Research

Why Black Girls Need the Police Talk Too

Why Black Girls Need the Police Talk Too

The police talk refers to a socialization practice wherein Black parents educate their children on how to maneuver encounters with law enforcement. According to Shannon Malone Gonzalez, a Ph.D. candidate in sociology at the University of Texas at Austin, parents deploy double consciousness to inform their children of how police officers view Black people. Double consciousness, as theorized by W.E.B. DuBois, refers to how Black people must maintain a concept of self that also includes the view of themselves as seen through the eyes of their oppressors. However, in the context of the police talk, Gonzalez argues that this double consciousness tends to rely on controlling images of Black men and how white society perceives them as a threat or the ideal criminal. This specific focus on Black men leads to a police talk that centers on Black boys and marginalize Black girls.

Gonzalez published a study in Gender & Society in 2019 that investigates how Black mothers address the unique ways Black girls experience police violence. The study included an analysis of interviews with 30 Black mothers from a southern urban city who had children between the ages of 4 and 13 years old. 70% of the mothers interviewed had daughters. Gonzalez recruited from two social clubs and two non-profit organizations to cut across economic classes. The interpretation of this analysis focused on the topics of racial profiling, the purpose of the police talk, and the advice given within the making it home framework.

How the Making It Home Framework Marginalizes Black Girls

Gonzalez argues Black mothers develop a framework that emphasizes making it home after a police encounter. This framework centers Black boys as the primary targets and Black girls as collateral. Since these mothers rely on double consciousness for this framework, they perpetuate a heteronormative understanding of which genders experience vulnerability. This framework marginalizes Black girls because it fails to consider how law enforcement targets Black women and girls specifically. Additionally, it fails to recognize how the home might not exist as a safe space for Black girls or the controlling images projected onto them as a result of adultification bias. Finally, Gonzalez also argues heteronormative assumptions pervade this discussion and does not consider how Black LGBTQ people experience encounters with the police.

While the mothers Gonzalez interviewed recognized that Black girls dealt with controlling images, they did not link these controlling images to the policing of Black women the way they did how society perceives Black boys.
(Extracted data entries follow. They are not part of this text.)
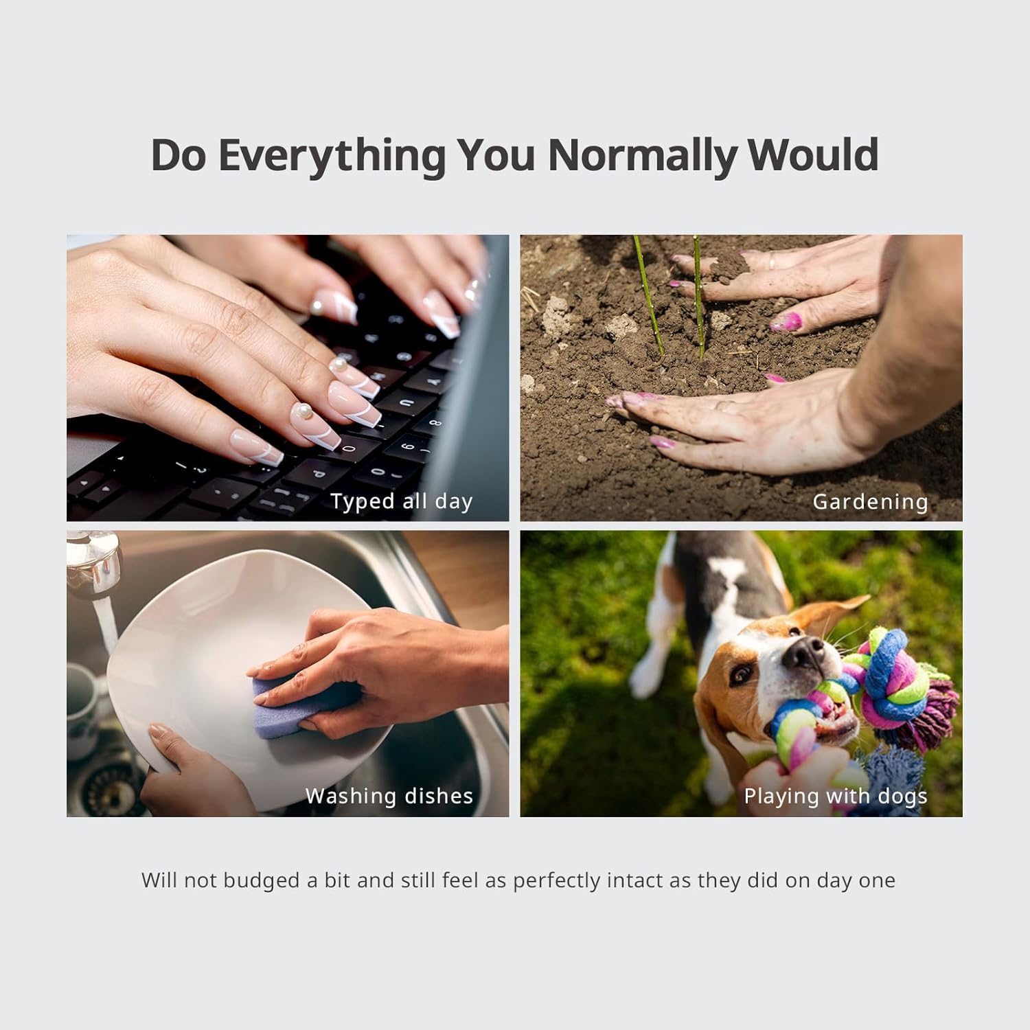 - Live Life Unfiltered: Built tough with builder gel & top coat. Type, garden, scrub, or play with pets – these nails stay chip-free through daily adventures
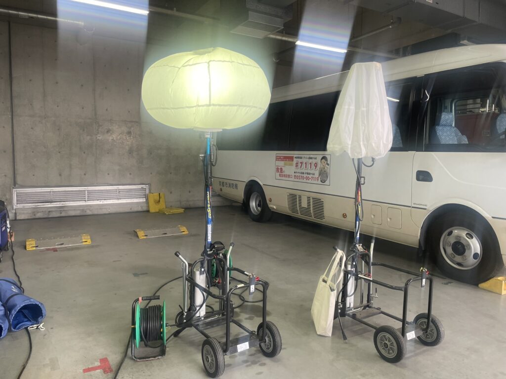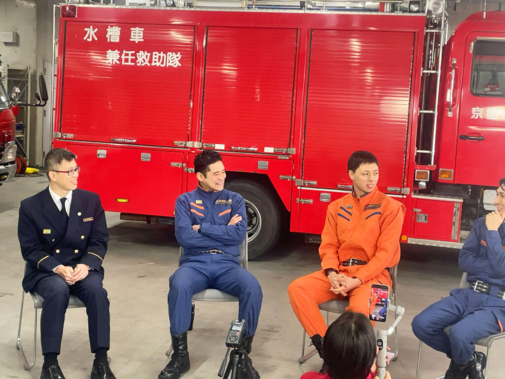「皆さんのありのままの姿や想いを伝えるため、座談会をしましょう!」と提案したところ、「よしきた!!」と京都市消防局の皆さんが二つ返事でご承諾いただき、さっそく上鳥羽にある京都市消防学校の車庫で座談会を行いました。
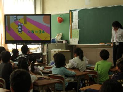 今日の2校時目に3年生のクラスで算数の授業を行っていました。2年生で習った九九を歌で振り返り、a×□=b、

These mothers assumed that if a law enforcement officer targeted their daughters, race alone, rather than both race and gender, would determine how they got treated. Often, when Gonzalez prompted mothers to consider the ways police treated Black girls specifically, they would redirect the conversation to Black boys. For example, one mother argued that if a law enforcement officer pulled over their daughter if she drove a nice car, the law enforcement officer would assume that the car belonged to a drug dealer boyfriend.

Reconsidering Double Consciousness in Parent-Child Socialization About Police Encounters

The findings from Gonzalez’s interviews show that double consciousness as a paradigm for the making it home framework emphasizes black boys as vulnerable and black girls as secondary or even irrelevant to the discourse on police brutality. This framework, as Gonzalez argues, emphasizes lethal violence and rarely addresses how law enforcement victimizes Black girls and women through sexual violence. Black families assume that Black boys alone should get this socialization practice as a protective measure. However, in the article Gonzalez asserts that “centering Black girls in the police talk helps us understand the gravity of controlling images within Black families.” To reframe the police talk for Black girls, Gonzalez recommends a framework that accounts for multiple consciousness or intersectionality in relation to state violence.